Saved data entries:
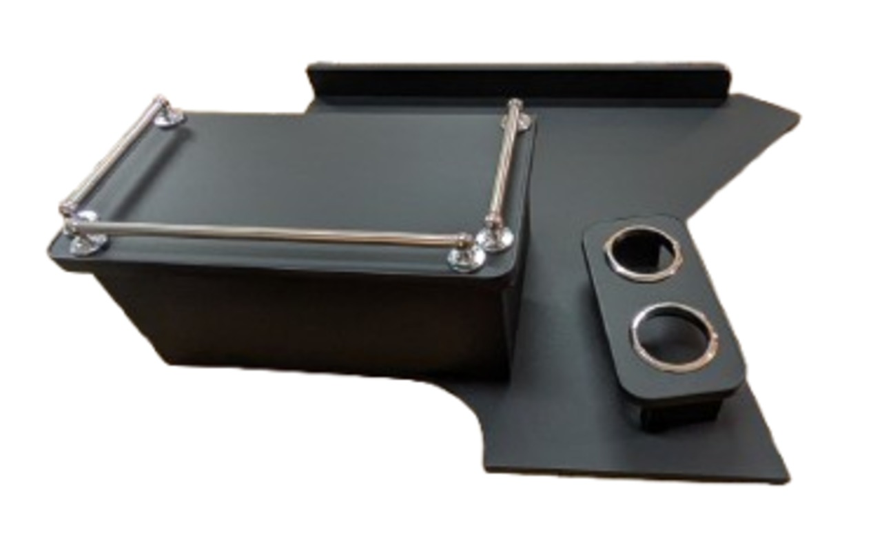 (ネジ4本で固定してある純正コンソールと純正トレイを取り外し、弊社コンソールを取り付けし付属のネジにて固定)
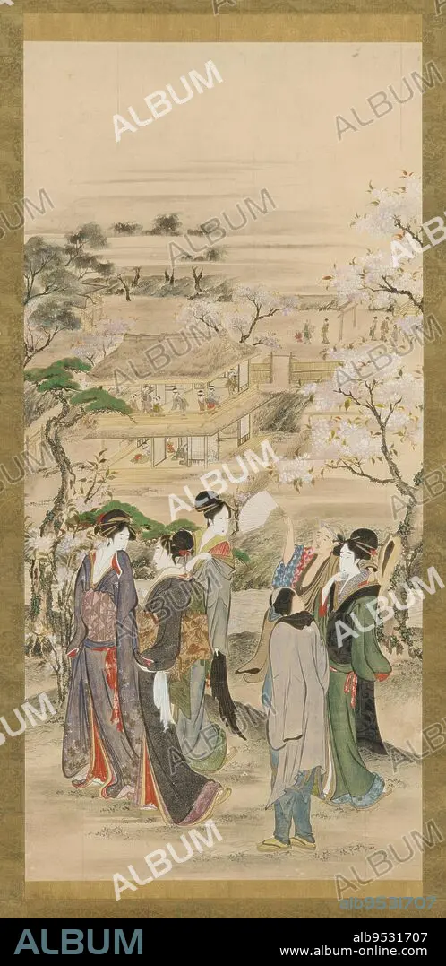 Landscape: parties of men and women looking at cherry blossoms. Origin: Japan. Period: Edo period. Date: 1760-1849. Color on paper.
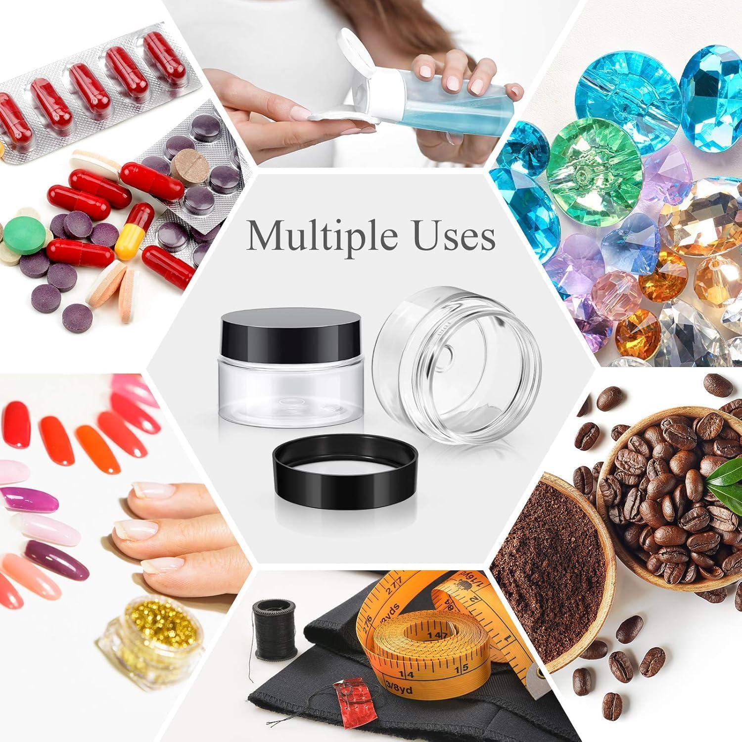 - Package: includes 12 packs plastic jars with screw-on lid; They are refillable, and durable for a long-term use
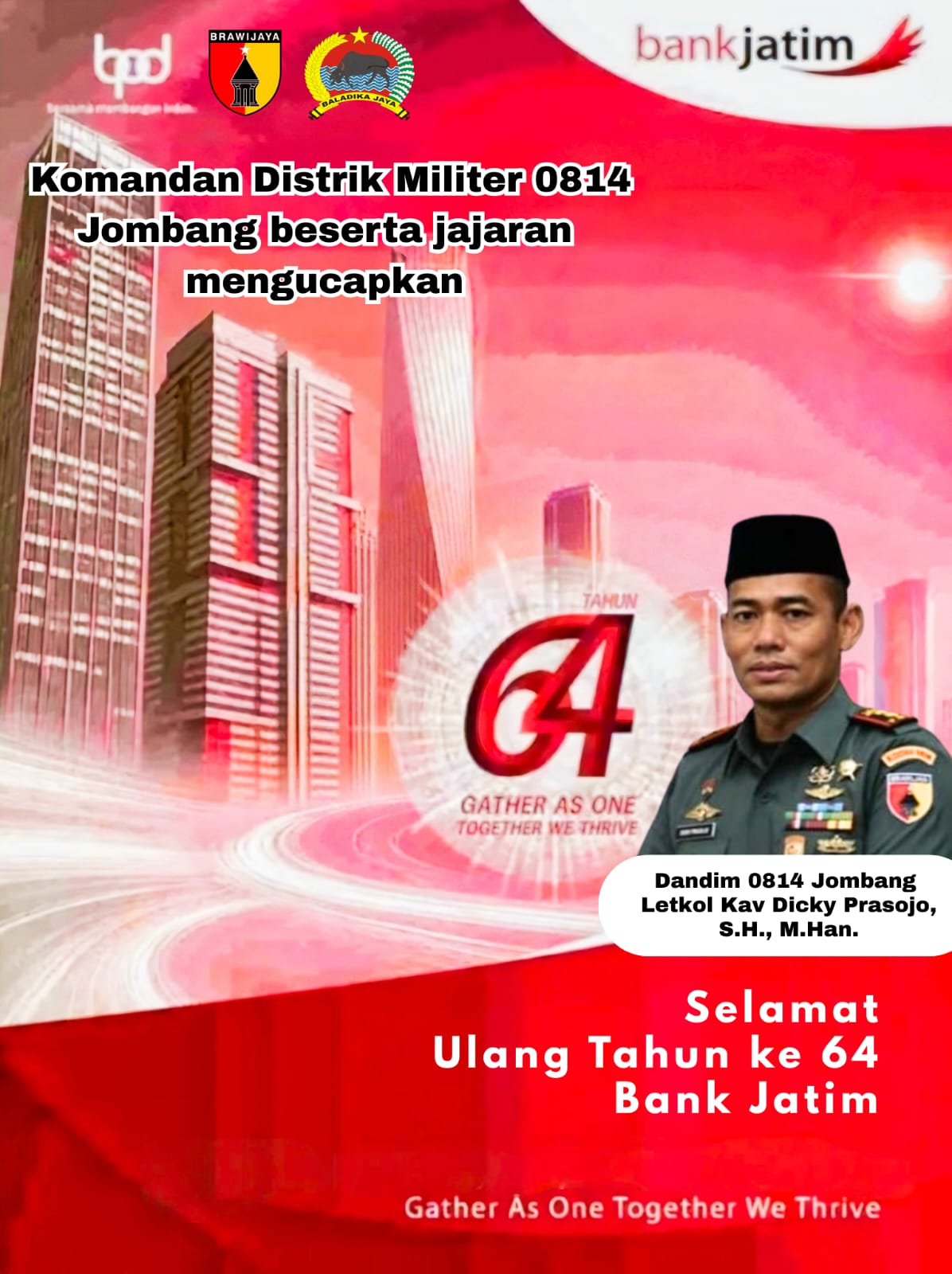 Komandan Komando Distrik Militer 0814 Jombang mengucapkan Selamat Ulang Tahun Bank Jatim ke 64
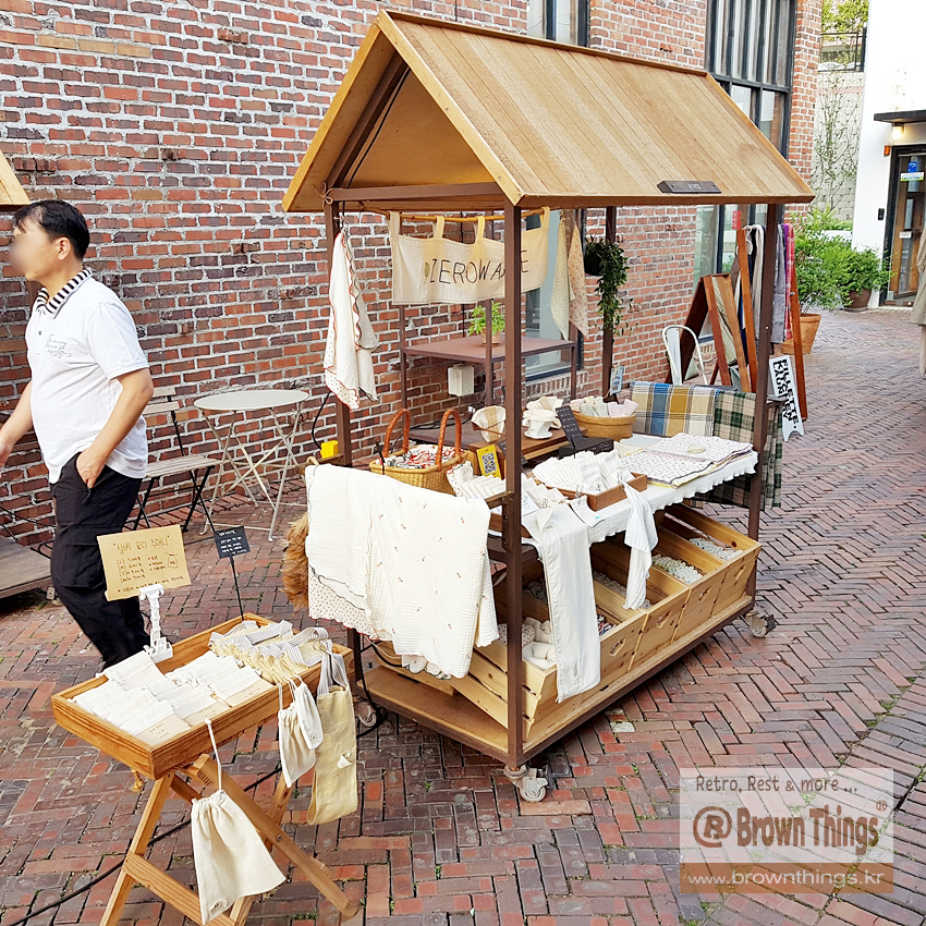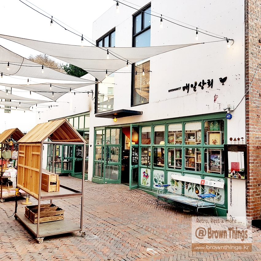 평소에는 건물 내부에 있다가 날 좋은 날에는 통로에 매대를 내놓고 전시하는 매일상회 입점 브랜드.
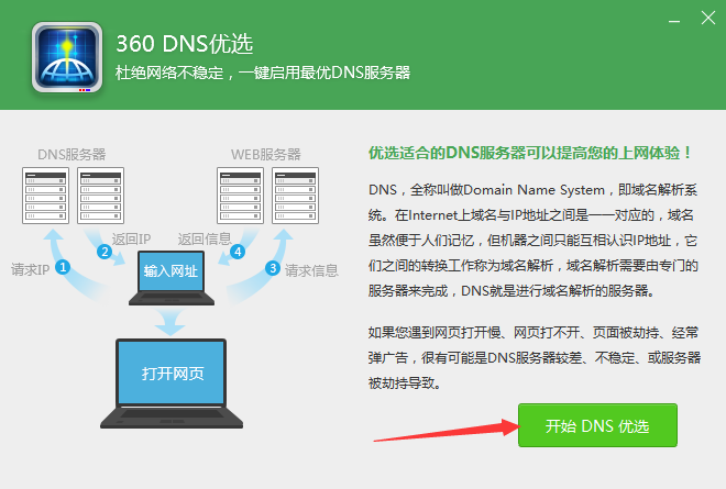 如您不放心,请使用方案②方案② – 使用「360DNS优选」,打开360卫士,根据以下图示操作:
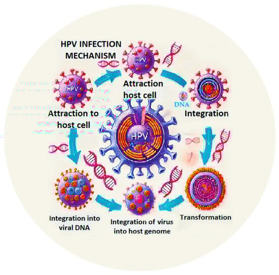 According to Humans I.W.G., HPV infects epithelial cells through skin or mucous membrane micro-abrasions []. The virus accesses the basal layer of the epidermis, where it replicates and induces cell proliferation, leading to the formation of warts (Table 2). In persistent infections, HPV DNA can be integrated into the host genome, leading to the malignant transformation of cells [].
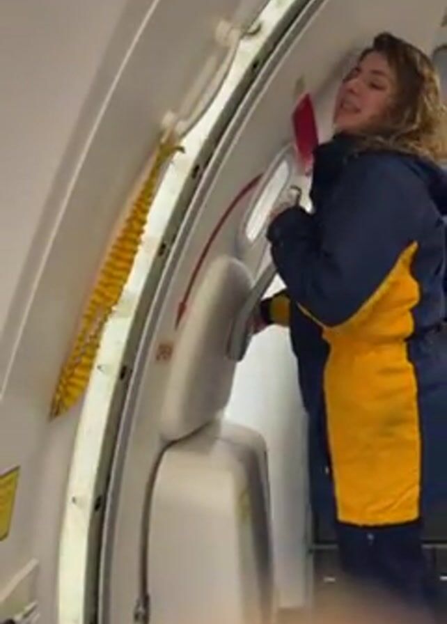 A woman wearing a navy blue and yellow coat, navy blue pants, and her hair in curls is shown opening the door to an airplane. She turns the handle counterclockwise and pushes the door inward. A yellow emergency rope hangs down from above the door. Inside the airplane, gray cabinets and equipment are visible. The door is white and has a red arrow pointing to the word "Open." The video is taken from inside the plane.
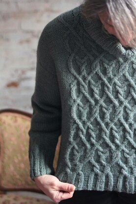 A simple pullover with a gorgeous cable at front. The lines are soft and elegant, and the piece is knit in a lovely alpaca merino mix yarn for some comfy drape and swing.

- **WHAT YOU WILL DO**: Skip the pictures. Return exactly the lines from the one containing "Komandan Komando Distrik" through the end of the data above, both included, and nothing besides.

- **WORKED SOLUTION**:
 Komandan Komando Distrik Militer 0814 Jombang mengucapkan Selamat Ulang Tahun Bank Jatim ke 64
 평소에는 건물 내부에 있다가 날 좋은 날에는 통로에 매대를 내놓고 전시하는 매일상회 입점 브랜드.
 如您不放心,请使用方案②方案② – 使用「360DNS优选」,打开360卫士,根据以下图示操作:
 According to Humans I.W.G., HPV infects epithelial cells through skin or mucous membrane micro-abrasions []. The virus accesses the basal layer of the epidermis, where it replicates and induces cell proliferation, leading to the formation of warts (Table 2). In persistent infections, HPV DNA can be integrated into the host genome, leading to the malignant transformation of cells [].
 A woman wearing a navy blue and yellow coat, navy blue pants, and her hair in curls is shown opening the door to an airplane. She turns the handle counterclockwise and pushes the door inward. A yellow emergency rope hangs down from above the door. Inside the airplane, gray cabinets and equipment are visible. The door is white and has a red arrow pointing to the word "Open." The video is taken from inside the plane.
 A simple pullover with a gorgeous cable at front. The lines are soft and elegant, and the piece is knit in a lovely alpaca merino mix yarn for some comfy drape and swing.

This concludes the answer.